On the evidence therefore I am satisfied that periods of inactivity by both Homes and Builders in prosecuting their respective claims against Deloittes were inordinate in the circumstances and that no adequate explanation has been offered on behalf of either Homes or Builders to justify those delays. The delays were therefore inexcusable.
I am satisfied on the evidence that the procedural steps taken on behalf of Deloittes and the other defendants did not amount to acquiescence on the part of Deloittes or the other defendants in respect of the inexcusable delay on the part Homes and Builders.
I am also satisfied that Deloittes, by its conduct, did not induce either Homes or Builders to incur further expense in pursuing their respective actions.
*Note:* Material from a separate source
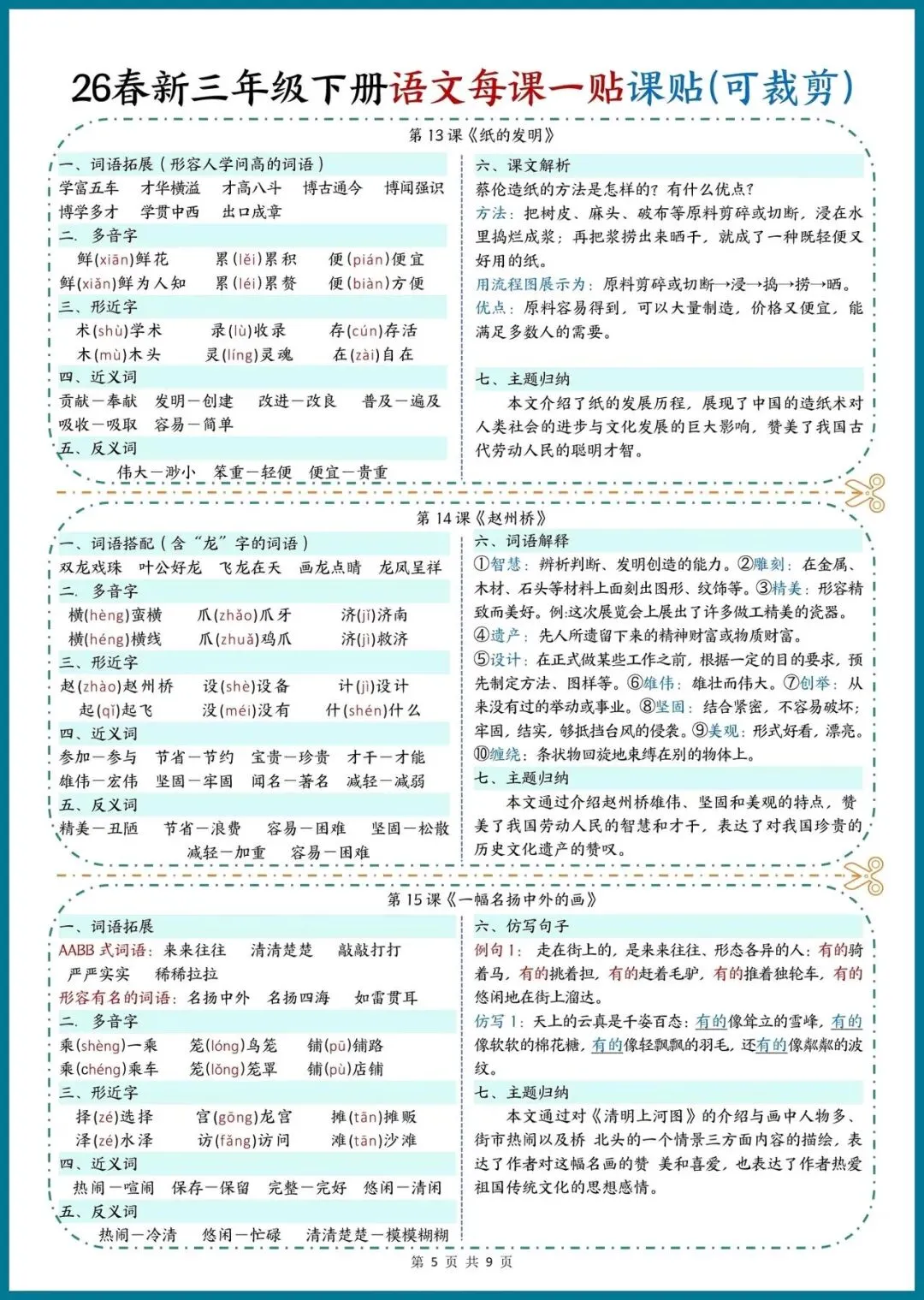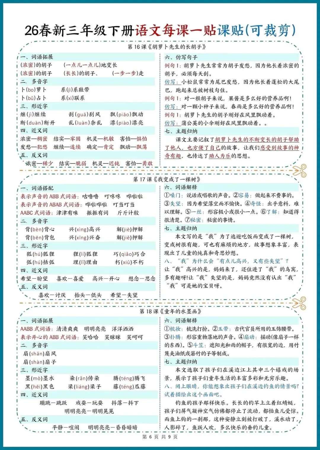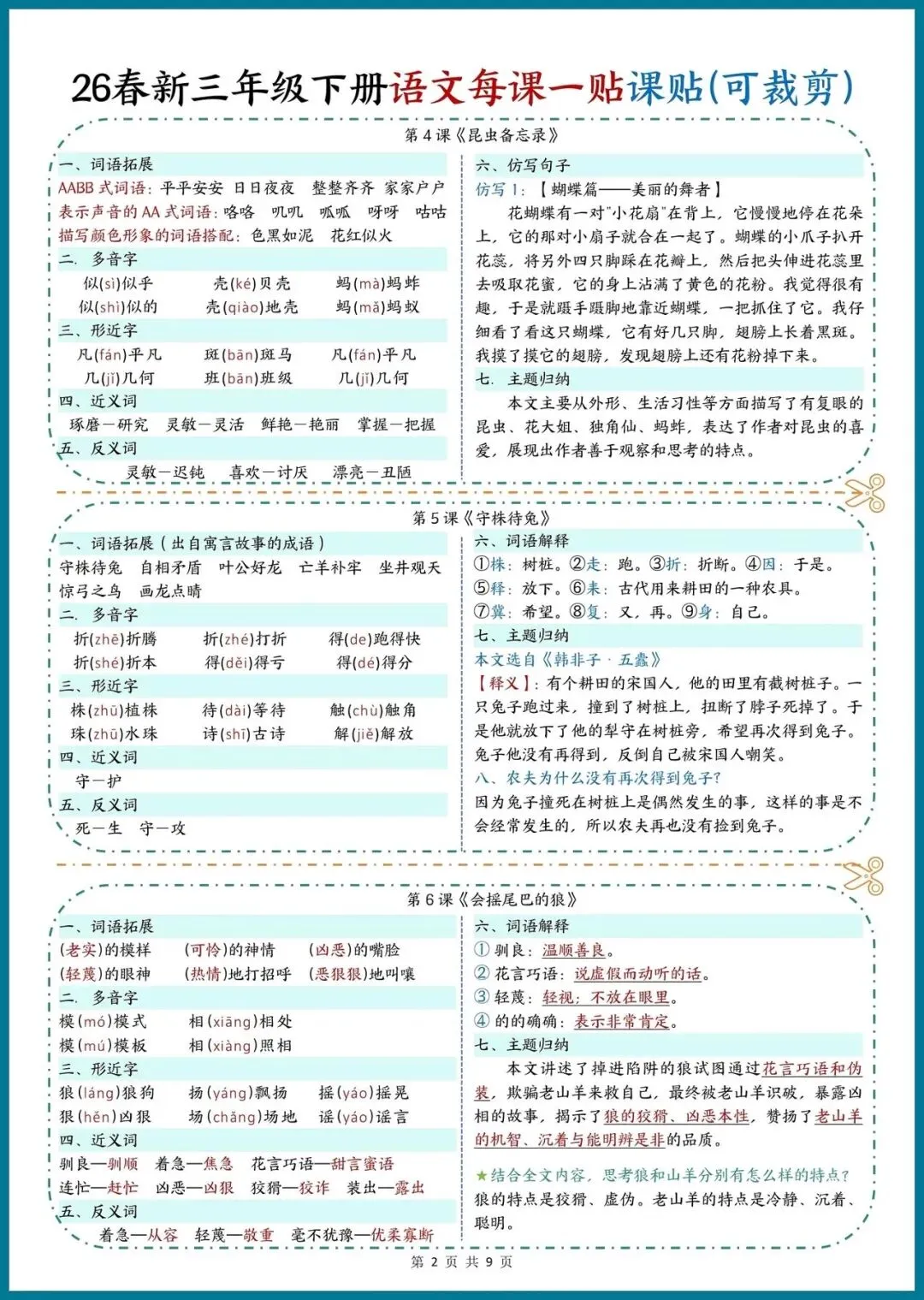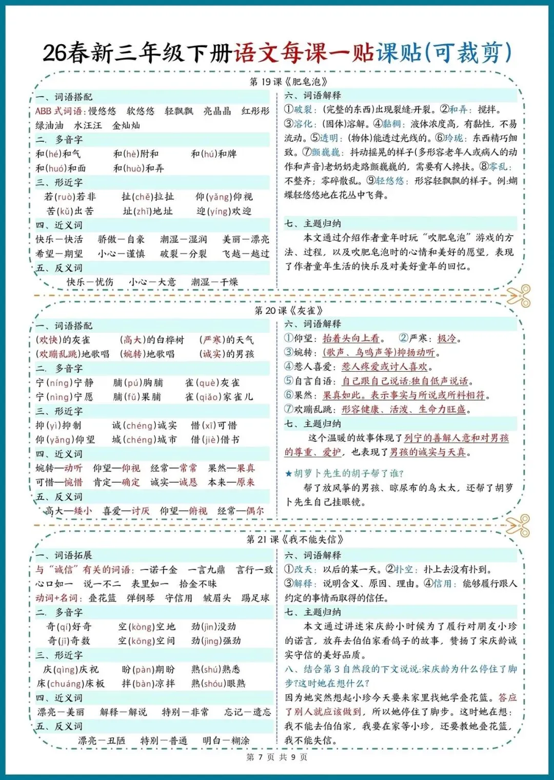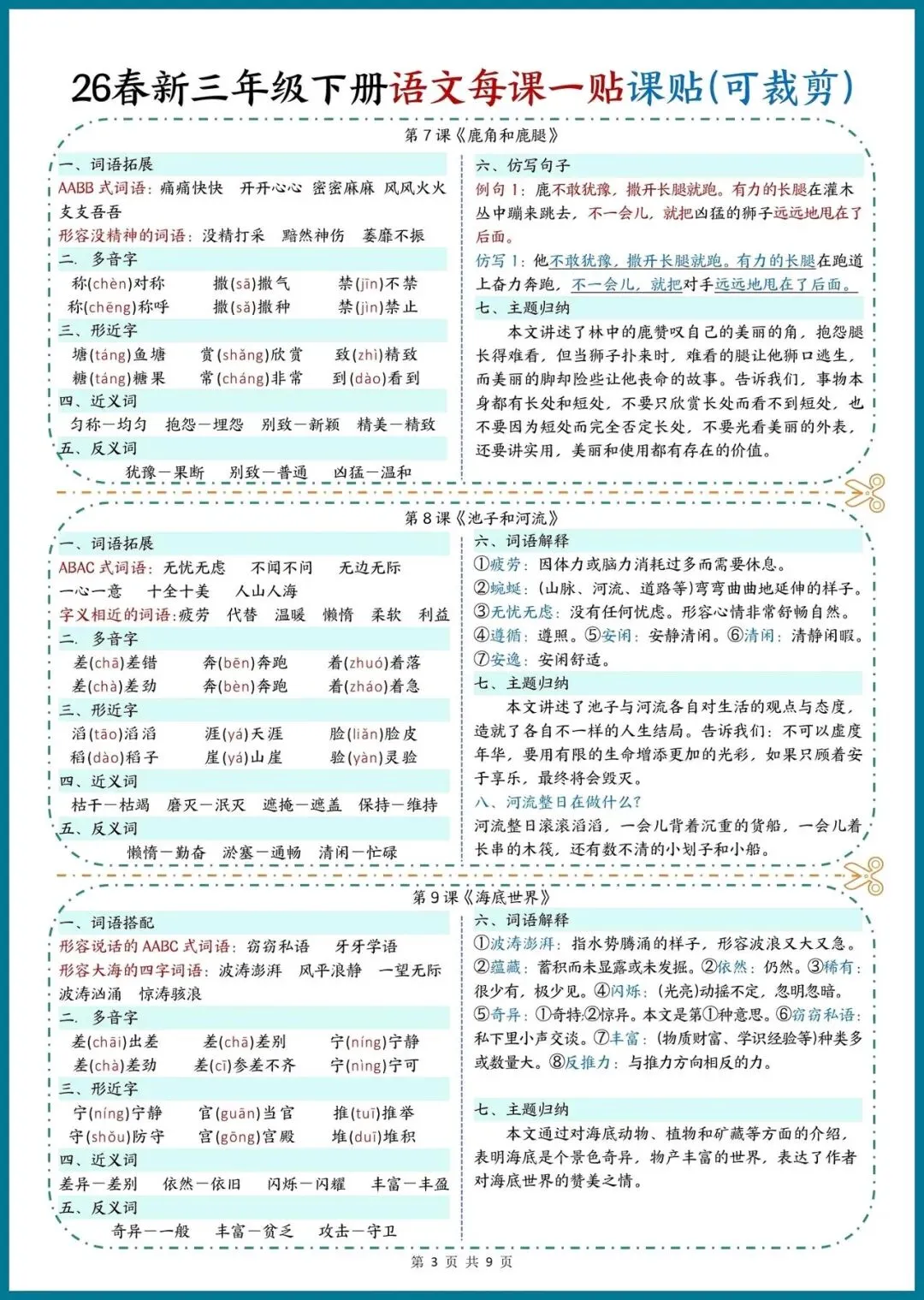 📚 26春新三年级下册语文|每课一贴,可裁剪随身记!把重点知识装进口袋,预习复习超省心!

The steps taken by Deloittes were reasonable in the circumstances.
The considerations which I have identified earlier in relation to the contumelious conduct of Homes and Builders in respect of the Bank apply also in respect of Deloittes.
I am therefore satisfied that the inordinate and inexcusable delay on the part of both Homes and Builders in prosecuting their respective claims have given rise to the substantial risk that a fair trial of the issues in their respective claims will not be possible in the foreseeable future.
It follows that the claims by both Homes and Builders against Deloittes will be dismissed.
Deloittes have also applied pursuant to the provisions of Order 122, Rule 11 of the Rules of the Superior Courts for an order dismissing the claims of Homes and Builders for want of prosecution.
Since I have dismissed the claims by Homes and Builders against Deloittes on the grounds of inordinate and inexcusable delay issues it is unnecessary for this court to proceed further and deal with the applications on behalf of Deloittes made pursuant to the provisions of Order 122, Rule11.